Eventually (and with considerable training) the network can 
form arbitrarily curved boundaries to achieve arbitrarily 
general classification.  Given enough of the critical 
features upon which to reach a decision, networks have been 
able to recognize and categorize diseased hearts from 
heartbeat patterns.  With a sufficiently rich supply of 
clues, the accuracy of such classifiers can approach 100%.  
Accuracy depends on the sample length of the heartbeat 
pattern--a hurried decision is an error-prone decision.

Professor Ron Rivest, Associate Director of MIT's Laboratory 
for Computer Science, surveyed "The Theoretical Aspects of 
Learning and Networks."  He addresses the question, "How do 
we discover good methods of solution for the problems we wish 
to solve?"  In studying Neural Networks, he notes their 
strengths and characteristics:  learning from example, 
expressiveness, computational complexity, sample space 
complexity, learning a mapping.  The fundamental unit of a 
neural network is a linear adder followed by a threshold 
trigger.  If the algebraic sum of the input signals exceeds 
threshold, the output signal fires.  Neural nets need not be 
constrained to boolean signals (zero/one), but can handle 
continuous analog signal levels.  And the threshold trigger 
can be relaxed to an S-shaped response.  Rivest tells us that 
any continuous function mapping the unit interval [-1, 1] 
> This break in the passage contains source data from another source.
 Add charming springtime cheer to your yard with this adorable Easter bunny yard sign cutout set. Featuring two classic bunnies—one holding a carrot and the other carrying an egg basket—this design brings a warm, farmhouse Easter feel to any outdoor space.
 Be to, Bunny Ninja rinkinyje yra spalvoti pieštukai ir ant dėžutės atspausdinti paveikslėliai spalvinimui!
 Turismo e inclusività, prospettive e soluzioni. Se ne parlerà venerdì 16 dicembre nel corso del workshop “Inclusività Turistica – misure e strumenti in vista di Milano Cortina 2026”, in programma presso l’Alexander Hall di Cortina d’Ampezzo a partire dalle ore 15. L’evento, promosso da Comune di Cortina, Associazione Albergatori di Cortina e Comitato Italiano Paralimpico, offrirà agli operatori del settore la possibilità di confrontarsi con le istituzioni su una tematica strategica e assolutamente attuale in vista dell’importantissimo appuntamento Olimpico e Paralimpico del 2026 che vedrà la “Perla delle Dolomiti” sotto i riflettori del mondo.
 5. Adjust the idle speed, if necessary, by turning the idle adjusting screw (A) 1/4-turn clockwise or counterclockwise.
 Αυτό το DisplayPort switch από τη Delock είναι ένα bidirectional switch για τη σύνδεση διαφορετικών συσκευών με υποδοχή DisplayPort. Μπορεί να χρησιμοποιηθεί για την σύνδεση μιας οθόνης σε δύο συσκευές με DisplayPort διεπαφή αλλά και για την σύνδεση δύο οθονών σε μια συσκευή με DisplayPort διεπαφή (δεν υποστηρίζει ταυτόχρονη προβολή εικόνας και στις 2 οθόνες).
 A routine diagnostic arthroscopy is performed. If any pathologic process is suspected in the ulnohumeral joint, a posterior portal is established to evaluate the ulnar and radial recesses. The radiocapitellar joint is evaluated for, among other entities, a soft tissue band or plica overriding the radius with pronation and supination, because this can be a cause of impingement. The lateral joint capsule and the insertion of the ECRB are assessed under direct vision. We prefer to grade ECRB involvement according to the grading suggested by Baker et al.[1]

into itself can be approximated arbitrarily well with a 3-
stage neural network.  (The theorem extends to the Cartesian 
product:  the mapping can be from an m-fold unit hypercube 
into an n-fold unit hypercube.)  Training the neural net 
amounts to finding the coefficients which minimize the error 
between the examples and the neural network's approximation.  
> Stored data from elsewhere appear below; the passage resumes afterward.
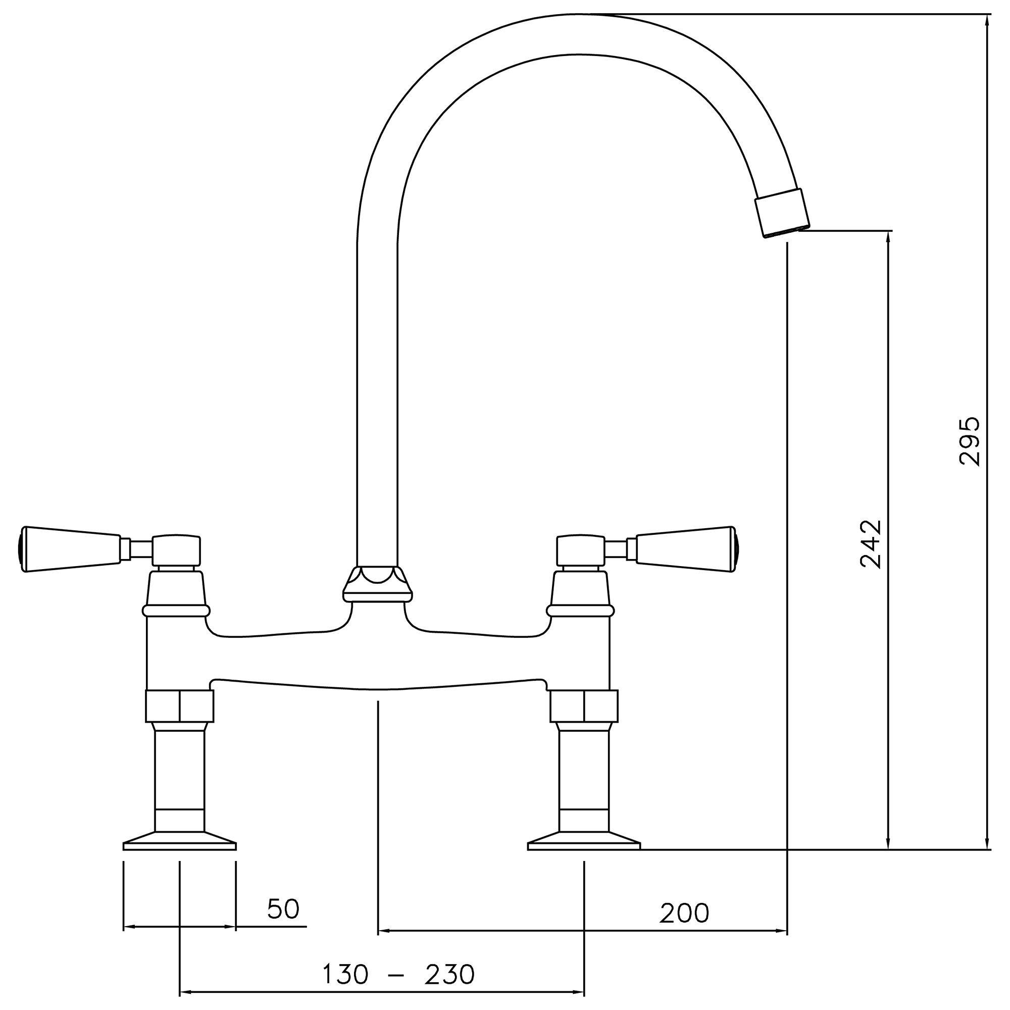 - H295 x W200 x D50mm, Spout reach: 200mm, Height to end of spout: 242mm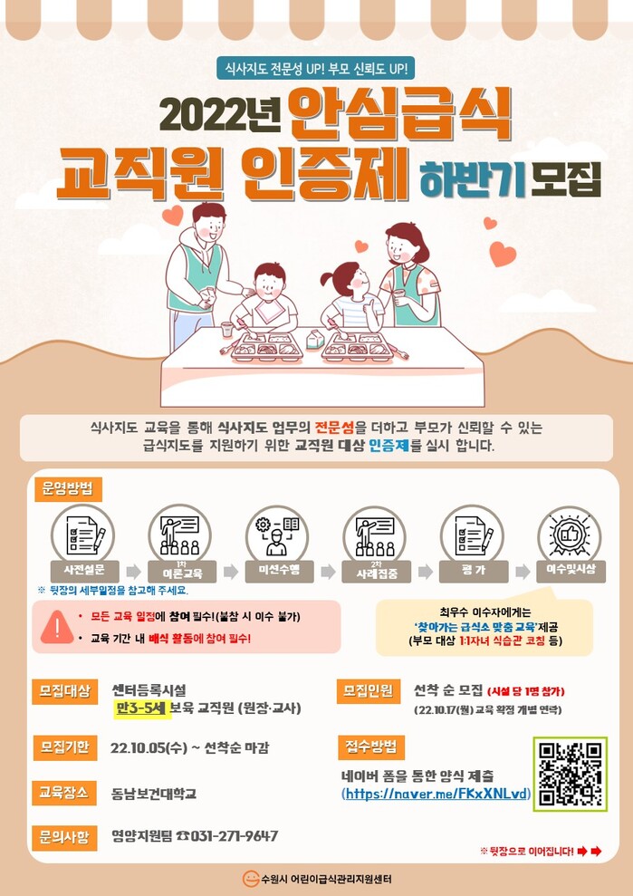 수원시어린이급식관리지원센터가 ‘2022년 안심급식인증제’ 하반기 과정에 참여할 만3-5세 보육기관 교직원을 선착순으로 모집한다.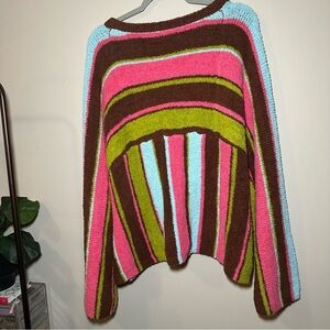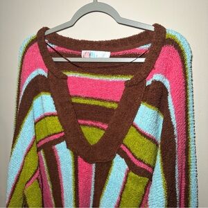 Free People FP Beach Thora Sweater Colorful Striped V-Neck Sweater Size Large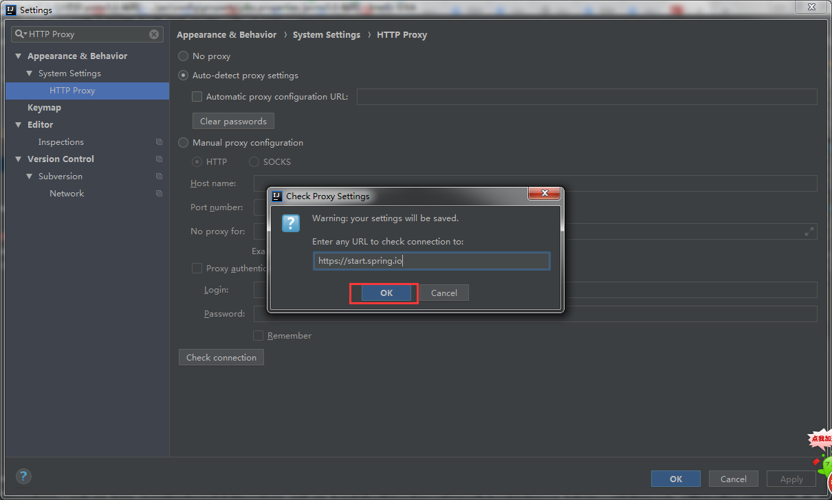 点击最下面的Check connection弹出如下的输入框,输入地址https://start.spring.io点击ok,如果successful证明连接成功,(如果successful没有出现,多尝试几次只要通一次就可以了,表明网站可以连通)重新生成一次,完美生成springboot项目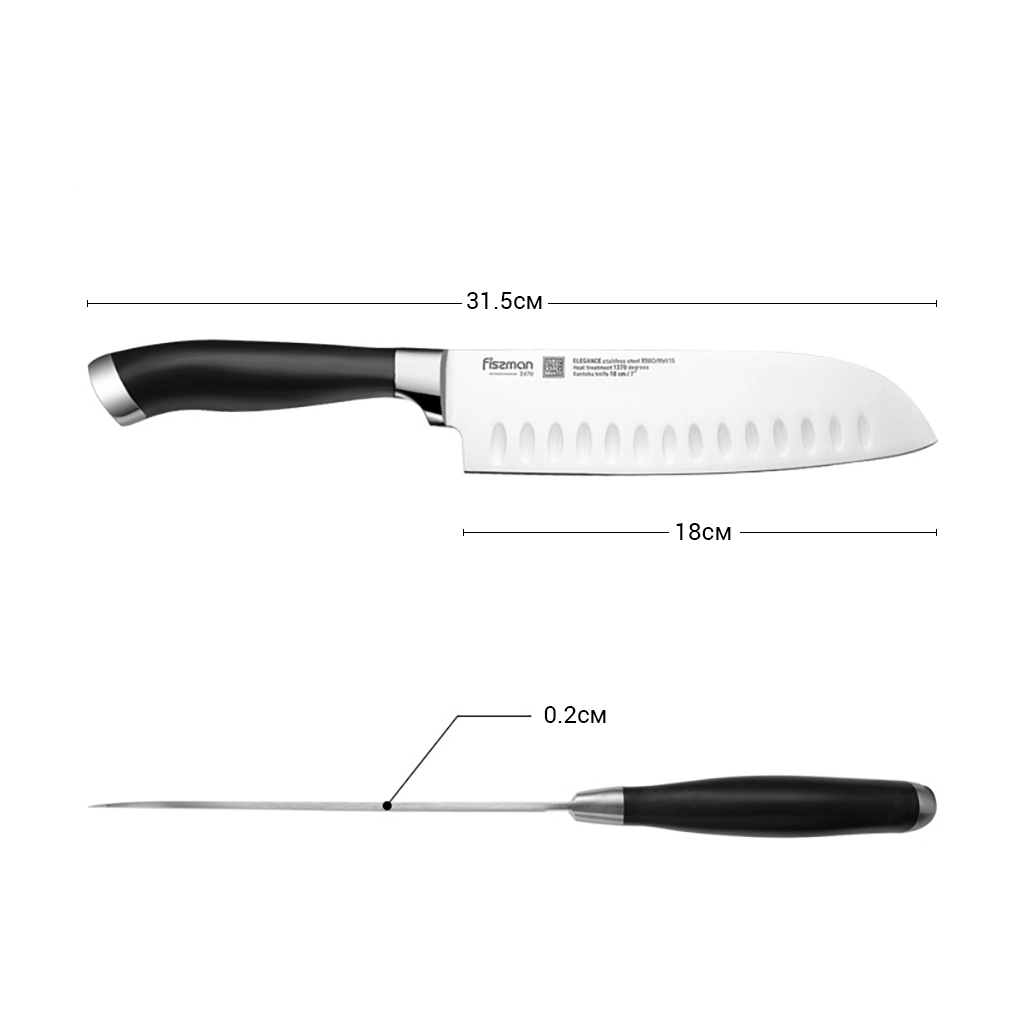 Лезвия имеют двухстороннюю симметричную заточку по всей длине режущей кромки, что обеспечивает легкую нарезку и разделку. https://fissman.ru/catalog/kuhonnye-nozhi/nozhi-santoku/nozhi-santoku-dlina-klinka-18-sm/nozh-povarskoy-santoku-18-sm-elegance/

The so-called Error Backpropagation algorithm is 
mathematically equivalent to least squares curve fitting 
using steepest descent.  While this method works, it can be 
very slow.  In fact, training a 3-stage neural network is an 
NP-complete problem--the work increases exponentially with 
the size of the network.  The classical solution to this 
dilemma is to decompose the problem down into smaller 
subproblems, each solvable by a smaller system.  Open issues 
in neural network technology include the incorporation of 
prior domain knowledge, and the inapplicability of powerful 
learning methods such as Socratic-style guided discovery and 
experimentation.  There is a need to merge the statistical 
paradigm of neural networks with the more traditional 
knowledge representation techniques of analytical and 
symbolic approaches.

Professor Terry Sejnowski, Director of the Computational 
Neurobiology Laboratory at the Salk Institute for Biological 
Studies, gave a captivating lecture on "Learning Algorithms 
in the Brain."  Terry, who studies biological neural 
networks, has witnessed the successful "reverse engineering" 
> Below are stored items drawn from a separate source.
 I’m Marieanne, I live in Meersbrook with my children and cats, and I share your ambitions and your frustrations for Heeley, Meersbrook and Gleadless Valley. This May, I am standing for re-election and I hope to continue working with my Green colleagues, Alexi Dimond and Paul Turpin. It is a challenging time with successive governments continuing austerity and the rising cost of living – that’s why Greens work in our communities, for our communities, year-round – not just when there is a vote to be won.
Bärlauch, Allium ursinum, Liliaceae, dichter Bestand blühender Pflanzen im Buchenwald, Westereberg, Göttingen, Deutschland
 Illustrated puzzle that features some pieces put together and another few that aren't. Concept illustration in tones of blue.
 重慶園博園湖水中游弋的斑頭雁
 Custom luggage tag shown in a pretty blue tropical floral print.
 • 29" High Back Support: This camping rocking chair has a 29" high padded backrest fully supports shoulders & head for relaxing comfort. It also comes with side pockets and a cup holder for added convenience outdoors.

of several complete systems.  The Vestibular Occular Reflex 
is the feedforward circuit from the semicircular canals of 
the inner ear to the eye muscles which allow us to fixate on 
a target even as we move and bob our heads.  If you shake 
your head as you read this sentence, your eyes can remain 
fixed on the text.  This very old circuit has been around for 
hundreds of millions of years, going back to our reptilian 
ancestors.  It is found in the brain stem, and operates with 
only a 7-ms delay.  (Tracking a moving target is more 
complex, requiring a feedback circuit that taps into the 
higher cognitive centers.)  The Vestibular Occular Reflex 
appears to be overdesigned, generating opposing signals which 
at first appear to serve no function.  Only last week, a 
veteran researcher finally explained how the dynamic tension 
between opposing signals allows the long-term adaptation to 
growth of the body and other factors (such as new eyeglasses) 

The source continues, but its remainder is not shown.